- _PROBLEM STATEMENT_:
Restate the entries below without a single change.

(LISTED ENTRIES begins)

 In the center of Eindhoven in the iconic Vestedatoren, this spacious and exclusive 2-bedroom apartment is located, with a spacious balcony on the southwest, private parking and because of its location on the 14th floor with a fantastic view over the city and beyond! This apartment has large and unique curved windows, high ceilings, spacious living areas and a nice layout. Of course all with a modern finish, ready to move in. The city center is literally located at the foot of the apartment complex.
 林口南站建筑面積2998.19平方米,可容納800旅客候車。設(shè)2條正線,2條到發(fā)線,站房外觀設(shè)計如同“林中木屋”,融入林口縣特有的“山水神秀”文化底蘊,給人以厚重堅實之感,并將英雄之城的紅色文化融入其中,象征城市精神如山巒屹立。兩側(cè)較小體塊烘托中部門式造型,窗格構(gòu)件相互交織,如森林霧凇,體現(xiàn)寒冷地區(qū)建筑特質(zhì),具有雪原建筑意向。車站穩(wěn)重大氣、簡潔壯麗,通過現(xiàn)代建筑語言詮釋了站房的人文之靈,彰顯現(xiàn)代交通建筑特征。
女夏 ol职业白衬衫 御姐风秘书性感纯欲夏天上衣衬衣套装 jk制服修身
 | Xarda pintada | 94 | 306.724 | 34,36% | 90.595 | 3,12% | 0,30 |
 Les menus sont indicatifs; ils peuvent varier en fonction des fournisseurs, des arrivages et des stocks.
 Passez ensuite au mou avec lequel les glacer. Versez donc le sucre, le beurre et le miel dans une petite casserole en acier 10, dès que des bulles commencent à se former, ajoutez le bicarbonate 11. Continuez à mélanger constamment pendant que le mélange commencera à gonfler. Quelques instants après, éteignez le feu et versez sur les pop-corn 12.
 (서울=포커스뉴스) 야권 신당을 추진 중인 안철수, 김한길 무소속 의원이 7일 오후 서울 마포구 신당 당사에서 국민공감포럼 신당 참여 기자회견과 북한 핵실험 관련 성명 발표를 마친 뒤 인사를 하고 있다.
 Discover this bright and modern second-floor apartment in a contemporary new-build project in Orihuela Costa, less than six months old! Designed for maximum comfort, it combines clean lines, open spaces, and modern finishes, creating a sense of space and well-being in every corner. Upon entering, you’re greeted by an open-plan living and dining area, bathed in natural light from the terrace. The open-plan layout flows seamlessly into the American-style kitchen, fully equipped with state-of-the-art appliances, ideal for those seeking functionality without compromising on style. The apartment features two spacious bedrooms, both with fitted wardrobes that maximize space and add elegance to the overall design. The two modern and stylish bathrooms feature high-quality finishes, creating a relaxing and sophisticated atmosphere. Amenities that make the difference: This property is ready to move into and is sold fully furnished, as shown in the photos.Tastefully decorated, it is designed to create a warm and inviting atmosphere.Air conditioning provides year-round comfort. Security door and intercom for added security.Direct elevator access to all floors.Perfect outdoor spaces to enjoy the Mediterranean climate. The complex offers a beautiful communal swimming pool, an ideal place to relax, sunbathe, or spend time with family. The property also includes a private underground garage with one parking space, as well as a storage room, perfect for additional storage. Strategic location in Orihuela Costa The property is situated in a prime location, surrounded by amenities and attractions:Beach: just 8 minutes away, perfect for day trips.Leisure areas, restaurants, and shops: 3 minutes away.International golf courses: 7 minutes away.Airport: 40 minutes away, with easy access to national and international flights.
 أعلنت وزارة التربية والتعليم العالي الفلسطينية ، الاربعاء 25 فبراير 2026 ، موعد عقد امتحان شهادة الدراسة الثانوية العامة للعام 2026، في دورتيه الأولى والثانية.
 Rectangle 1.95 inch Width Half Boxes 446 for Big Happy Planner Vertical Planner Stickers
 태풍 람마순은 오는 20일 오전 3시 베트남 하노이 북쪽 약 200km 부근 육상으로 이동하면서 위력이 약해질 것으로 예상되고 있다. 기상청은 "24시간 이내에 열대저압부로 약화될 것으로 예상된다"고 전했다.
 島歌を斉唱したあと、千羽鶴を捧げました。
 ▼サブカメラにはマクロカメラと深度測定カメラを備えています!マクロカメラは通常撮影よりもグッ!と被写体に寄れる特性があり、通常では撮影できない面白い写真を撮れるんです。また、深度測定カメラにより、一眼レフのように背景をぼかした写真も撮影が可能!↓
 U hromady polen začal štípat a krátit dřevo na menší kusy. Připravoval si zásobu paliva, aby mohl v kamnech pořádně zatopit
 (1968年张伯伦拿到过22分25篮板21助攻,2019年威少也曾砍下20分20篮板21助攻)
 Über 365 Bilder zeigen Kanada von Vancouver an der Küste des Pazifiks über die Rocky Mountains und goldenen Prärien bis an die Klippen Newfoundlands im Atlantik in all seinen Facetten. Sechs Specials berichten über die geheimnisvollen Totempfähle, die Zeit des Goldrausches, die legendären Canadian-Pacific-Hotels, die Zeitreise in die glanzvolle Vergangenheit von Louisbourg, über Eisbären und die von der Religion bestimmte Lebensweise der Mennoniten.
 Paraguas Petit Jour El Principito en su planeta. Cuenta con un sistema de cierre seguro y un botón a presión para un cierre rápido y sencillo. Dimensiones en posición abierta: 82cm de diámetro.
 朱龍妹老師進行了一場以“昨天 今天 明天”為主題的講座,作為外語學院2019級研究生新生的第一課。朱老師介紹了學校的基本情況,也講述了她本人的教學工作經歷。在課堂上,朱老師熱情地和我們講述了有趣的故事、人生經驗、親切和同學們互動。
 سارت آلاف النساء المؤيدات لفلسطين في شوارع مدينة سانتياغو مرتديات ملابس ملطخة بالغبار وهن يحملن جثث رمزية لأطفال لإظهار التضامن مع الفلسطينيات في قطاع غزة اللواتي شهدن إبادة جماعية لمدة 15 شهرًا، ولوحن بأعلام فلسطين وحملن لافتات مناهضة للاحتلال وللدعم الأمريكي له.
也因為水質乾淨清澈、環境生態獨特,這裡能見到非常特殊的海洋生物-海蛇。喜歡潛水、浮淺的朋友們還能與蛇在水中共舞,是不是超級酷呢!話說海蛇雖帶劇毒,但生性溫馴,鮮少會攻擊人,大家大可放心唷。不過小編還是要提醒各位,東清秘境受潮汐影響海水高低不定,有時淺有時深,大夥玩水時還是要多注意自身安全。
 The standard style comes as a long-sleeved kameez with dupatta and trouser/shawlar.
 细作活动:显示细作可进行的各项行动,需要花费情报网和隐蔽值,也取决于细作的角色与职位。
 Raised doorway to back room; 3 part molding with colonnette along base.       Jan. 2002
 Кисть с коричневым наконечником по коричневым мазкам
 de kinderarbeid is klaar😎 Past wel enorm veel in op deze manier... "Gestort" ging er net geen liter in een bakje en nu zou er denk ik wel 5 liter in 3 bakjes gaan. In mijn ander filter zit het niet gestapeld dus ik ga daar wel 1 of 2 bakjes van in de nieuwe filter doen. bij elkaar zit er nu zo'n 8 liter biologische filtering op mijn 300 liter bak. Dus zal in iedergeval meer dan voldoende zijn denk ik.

(LISTED ENTRIES ends)

- _OUTPUT FOR THIS TASK_:
 In the center of Eindhoven in the iconic Vestedatoren, this spacious and exclusive 2-bedroom apartment is located, with a spacious balcony on the southwest, private parking and because of its location on the 14th floor with a fantastic view over the city and beyond! This apartment has large and unique curved windows, high ceilings, spacious living areas and a nice layout. Of course all with a modern finish, ready to move in. The city center is literally located at the foot of the apartment complex.
 林口南站建筑面積2998.19平方米,可容納800旅客候車。設(shè)2條正線,2條到發(fā)線,站房外觀設(shè)計如同“林中木屋”,融入林口縣特有的“山水神秀”文化底蘊,給人以厚重堅實之感,并將英雄之城的紅色文化融入其中,象征城市精神如山巒屹立。兩側(cè)較小體塊烘托中部門式造型,窗格構(gòu)件相互交織,如森林霧凇,體現(xiàn)寒冷地區(qū)建筑特質(zhì),具有雪原建筑意向。車站穩(wěn)重大氣、簡潔壯麗,通過現(xiàn)代建筑語言詮釋了站房的人文之靈,彰顯現(xiàn)代交通建筑特征。
女夏 ol职业白衬衫 御姐风秘书性感纯欲夏天上衣衬衣套装 jk制服修身
 | Xarda pintada | 94 | 306.724 | 34,36% | 90.595 | 3,12% | 0,30 |
 Les menus sont indicatifs; ils peuvent varier en fonction des fournisseurs, des arrivages et des stocks.
 Passez ensuite au mou avec lequel les glacer. Versez donc le sucre, le beurre et le miel dans une petite casserole en acier 10, dès que des bulles commencent à se former, ajoutez le bicarbonate 11. Continuez à mélanger constamment pendant que le mélange commencera à gonfler. Quelques instants après, éteignez le feu et versez sur les pop-corn 12.
 (서울=포커스뉴스) 야권 신당을 추진 중인 안철수, 김한길 무소속 의원이 7일 오후 서울 마포구 신당 당사에서 국민공감포럼 신당 참여 기자회견과 북한 핵실험 관련 성명 발표를 마친 뒤 인사를 하고 있다.
 Discover this bright and modern second-floor apartment in a contemporary new-build project in Orihuela Costa, less than six months old! Designed for maximum comfort, it combines clean lines, open spaces, and modern finishes, creating a sense of space and well-being in every corner. Upon entering, you’re greeted by an open-plan living and dining area, bathed in natural light from the terrace. The open-plan layout flows seamlessly into the American-style kitchen, fully equipped with state-of-the-art appliances, ideal for those seeking functionality without compromising on style. The apartment features two spacious bedrooms, both with fitted wardrobes that maximize space and add elegance to the overall design. The two modern and stylish bathrooms feature high-quality finishes, creating a relaxing and sophisticated atmosphere. Amenities that make the difference: This property is ready to move into and is sold fully furnished, as shown in the photos.Tastefully decorated, it is designed to create a warm and inviting atmosphere.Air conditioning provides year-round comfort. Security door and intercom for added security.Direct elevator access to all floors.Perfect outdoor spaces to enjoy the Mediterranean climate. The complex offers a beautiful communal swimming pool, an ideal place to relax, sunbathe, or spend time with family. The property also includes a private underground garage with one parking space, as well as a storage room, perfect for additional storage. Strategic location in Orihuela Costa The property is situated in a prime location, surrounded by amenities and attractions:Beach: just 8 minutes away, perfect for day trips.Leisure areas, restaurants, and shops: 3 minutes away.International golf courses: 7 minutes away.Airport: 40 minutes away, with easy access to national and international flights.
 أعلنت وزارة التربية والتعليم العالي الفلسطينية ، الاربعاء 25 فبراير 2026 ، موعد عقد امتحان شهادة الدراسة الثانوية العامة للعام 2026، في دورتيه الأولى والثانية.
 Rectangle 1.95 inch Width Half Boxes 446 for Big Happy Planner Vertical Planner Stickers
 태풍 람마순은 오는 20일 오전 3시 베트남 하노이 북쪽 약 200km 부근 육상으로 이동하면서 위력이 약해질 것으로 예상되고 있다. 기상청은 "24시간 이내에 열대저압부로 약화될 것으로 예상된다"고 전했다.
 島歌を斉唱したあと、千羽鶴を捧げました。
 ▼サブカメラにはマクロカメラと深度測定カメラを備えています!マクロカメラは通常撮影よりもグッ!と被写体に寄れる特性があり、通常では撮影できない面白い写真を撮れるんです。また、深度測定カメラにより、一眼レフのように背景をぼかした写真も撮影が可能!↓
 U hromady polen začal štípat a krátit dřevo na menší kusy. Připravoval si zásobu paliva, aby mohl v kamnech pořádně zatopit
 (1968年张伯伦拿到过22分25篮板21助攻,2019年威少也曾砍下20分20篮板21助攻)
 Über 365 Bilder zeigen Kanada von Vancouver an der Küste des Pazifiks über die Rocky Mountains und goldenen Prärien bis an die Klippen Newfoundlands im Atlantik in all seinen Facetten. Sechs Specials berichten über die geheimnisvollen Totempfähle, die Zeit des Goldrausches, die legendären Canadian-Pacific-Hotels, die Zeitreise in die glanzvolle Vergangenheit von Louisbourg, über Eisbären und die von der Religion bestimmte Lebensweise der Mennoniten.
 Paraguas Petit Jour El Principito en su planeta. Cuenta con un sistema de cierre seguro y un botón a presión para un cierre rápido y sencillo. Dimensiones en posición abierta: 82cm de diámetro.
 朱龍妹老師進行了一場以“昨天 今天 明天”為主題的講座,作為外語學院2019級研究生新生的第一課。朱老師介紹了學校的基本情況,也講述了她本人的教學工作經歷。在課堂上,朱老師熱情地和我們講述了有趣的故事、人生經驗、親切和同學們互動。
 سارت آلاف النساء المؤيدات لفلسطين في شوارع مدينة سانتياغو مرتديات ملابس ملطخة بالغبار وهن يحملن جثث رمزية لأطفال لإظهار التضامن مع الفلسطينيات في قطاع غزة اللواتي شهدن إبادة جماعية لمدة 15 شهرًا، ولوحن بأعلام فلسطين وحملن لافتات مناهضة للاحتلال وللدعم الأمريكي له.
也因為水質乾淨清澈、環境生態獨特,這裡能見到非常特殊的海洋生物-海蛇。喜歡潛水、浮淺的朋友們還能與蛇在水中共舞,是不是超級酷呢!話說海蛇雖帶劇毒,但生性溫馴,鮮少會攻擊人,大家大可放心唷。不過小編還是要提醒各位,東清秘境受潮汐影響海水高低不定,有時淺有時深,大夥玩水時還是要多注意自身安全。
 The standard style comes as a long-sleeved kameez with dupatta and trouser/shawlar.
 细作活动:显示细作可进行的各项行动,需要花费情报网和隐蔽值,也取决于细作的角色与职位。
 Raised doorway to back room; 3 part molding with colonnette along base.       Jan. 2002
 Кисть с коричневым наконечником по коричневым мазкам
 de kinderarbeid is klaar😎 Past wel enorm veel in op deze manier... "Gestort" ging er net geen liter in een bakje en nu zou er denk ik wel 5 liter in 3 bakjes gaan. In mijn ander filter zit het niet gestapeld dus ik ga daar wel 1 of 2 bakjes van in de nieuwe filter doen. bij elkaar zit er nu zo'n 8 liter biologische filtering op mijn 300 liter bak. Dus zal in iedergeval meer dan voldoende zijn denk ik.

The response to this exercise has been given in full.